WORK TASK: From the line containing "最后,我愿意用苏汝铿写的一首" to the final line of the material below, return every line exactly. Do not include pictures.
Segment Open
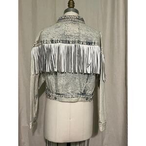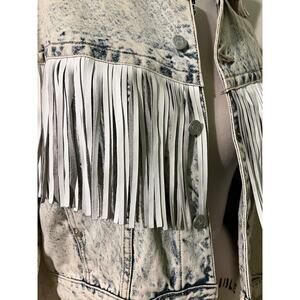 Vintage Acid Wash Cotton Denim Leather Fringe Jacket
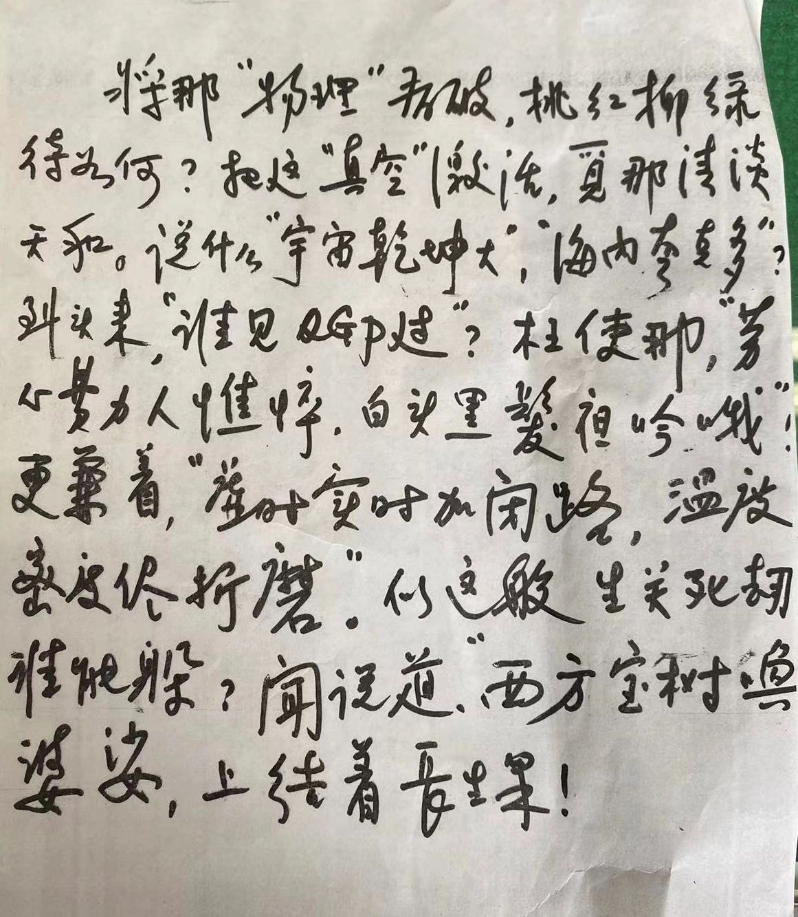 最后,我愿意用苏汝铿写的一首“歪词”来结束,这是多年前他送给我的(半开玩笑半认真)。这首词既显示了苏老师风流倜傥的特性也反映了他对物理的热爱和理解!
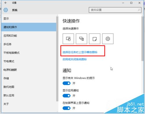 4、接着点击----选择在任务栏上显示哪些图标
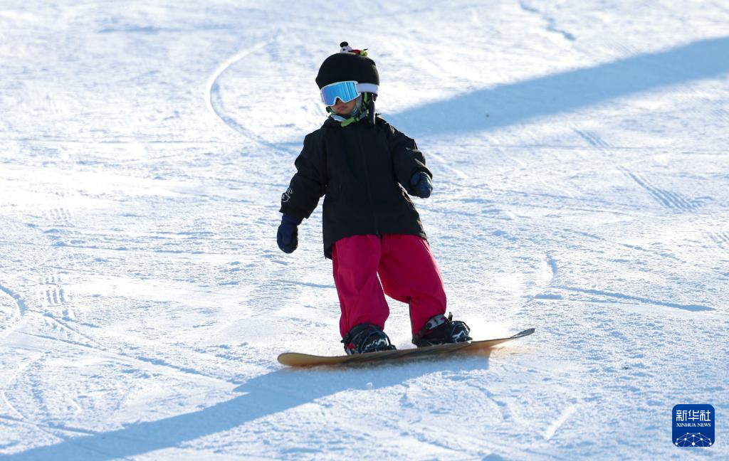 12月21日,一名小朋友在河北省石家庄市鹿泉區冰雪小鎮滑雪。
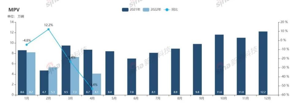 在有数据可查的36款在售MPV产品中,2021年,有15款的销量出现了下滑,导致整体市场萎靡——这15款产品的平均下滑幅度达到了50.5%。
Segment Closed
PROBLEM SOLUTION:
 最后,我愿意用苏汝铿写的一首“歪词”来结束,这是多年前他送给我的(半开玩笑半认真)。这首词既显示了苏老师风流倜傥的特性也反映了他对物理的热爱和理解!
 4、接着点击----选择在任务栏上显示哪些图标
 12月21日,一名小朋友在河北省石家庄市鹿泉區冰雪小鎮滑雪。
 在有数据可查的36款在售MPV产品中,2021年,有15款的销量出现了下滑,导致整体市场萎靡——这15款产品的平均下滑幅度达到了50.5%。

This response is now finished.